Methods A 31-year-old multipara with type 1 BrS diagnosed after syncope and episodes of ventricular tachycardia with an implantable cardioverter defibrillator under quinidine, presented to the Emergency department in labour. After fully informed about the risks an epidural catheter (EC) was placed, under continuous ECG, pulse oximetry, temperature, and blood pressure monitoring. A test dose of 5 mL ropivacaine 0.2% with sufentanil 1 ug/mL was administered resulting in no hemodynamic changes. After 10 minutes a loading dose of 9 mL of the same mixture was given with no changes.

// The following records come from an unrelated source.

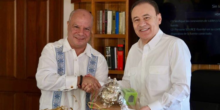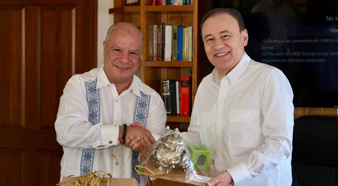 Hermosillo, Sonora; 6 de mayo de 2024.- El gobernador Alfonso Durazo Montaño atendió una reunión de trabajo con Abdelfattah Lebbar, embajador de Marruecos en México, en seguimiento a la visita del cuerpo diplomático acreditado en México que se realizó en 2023 en Puerto Peñasco, donde se abordó la acciones que se llevan en el Plan Sonora.
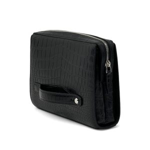 HERMES борсетка из черной кожи крокодила
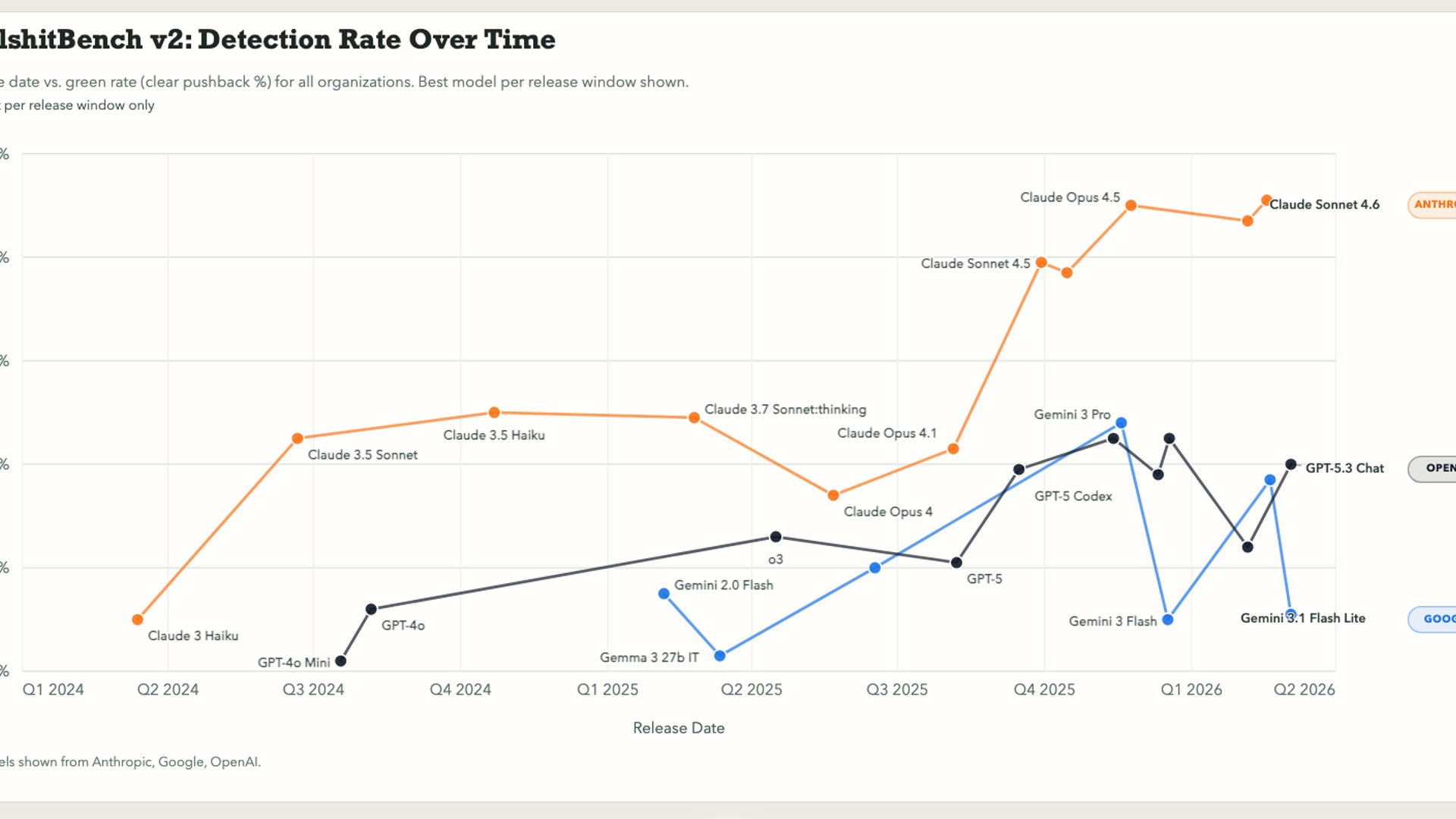 - –Anthropic's models remain the industry gold standard for resisting sycophancy, outperforming competitors in rejecting nonsensical technical questions.
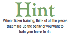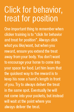 The clicker method is a progressive system that builds on previous tasks. First, you teach the horse what the sound of the click means by pairing it with a reward, most often food. The only other higher-value reward is safety; in order to use safety as a reward, however, you first need to threaten the horse, which is why it’s best to use food instead.
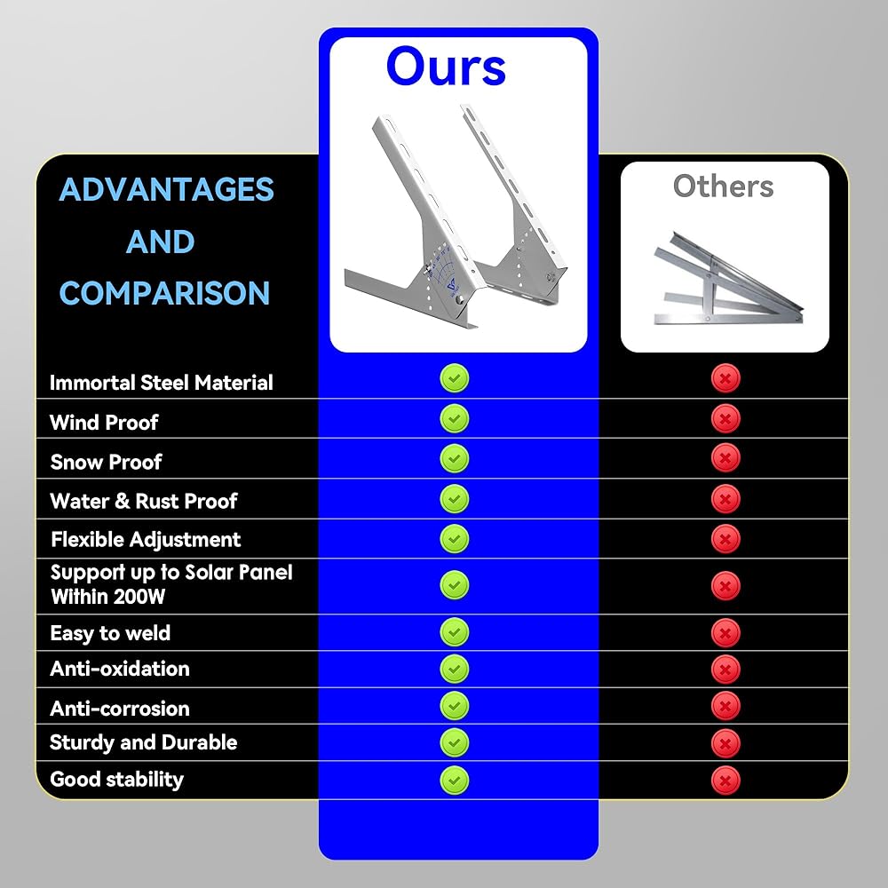 متوافق على نطاق واسع: مناسب عالميًا للوحات 0-200 واط بما في ذلك الألواح الشمسية 200 واط. دعامة لوحة سولور متوافقة مع دعامات تركيب الألواح الشمسية ومجموعة تركيب الألواح الشمسية. مثالية لحلول تركيب الطاقة الشمسية بنفسك.

The analgesia consisted in ropivacaine 0.1% boluses hourly.

Results During the entire labor, she was hemodynamically stable under adequate monitoring, with controlled pain. The evolution was to an uneventful eutocic delivery within 4 hours.

Conclusions EA is an excellent choice for labour, with adequate pain control, without significant hemodynamic changes and maintenance the parturient’s collaboration in childbirth. In patients with BrS, ropivacaine is presumably safer than bupivacaine because it dissociates from the cardiac sodium channel more rapidly. We found that EA with ropivacaine is a safe and effective in patients with BrS if adequate monitoring is assured during labour.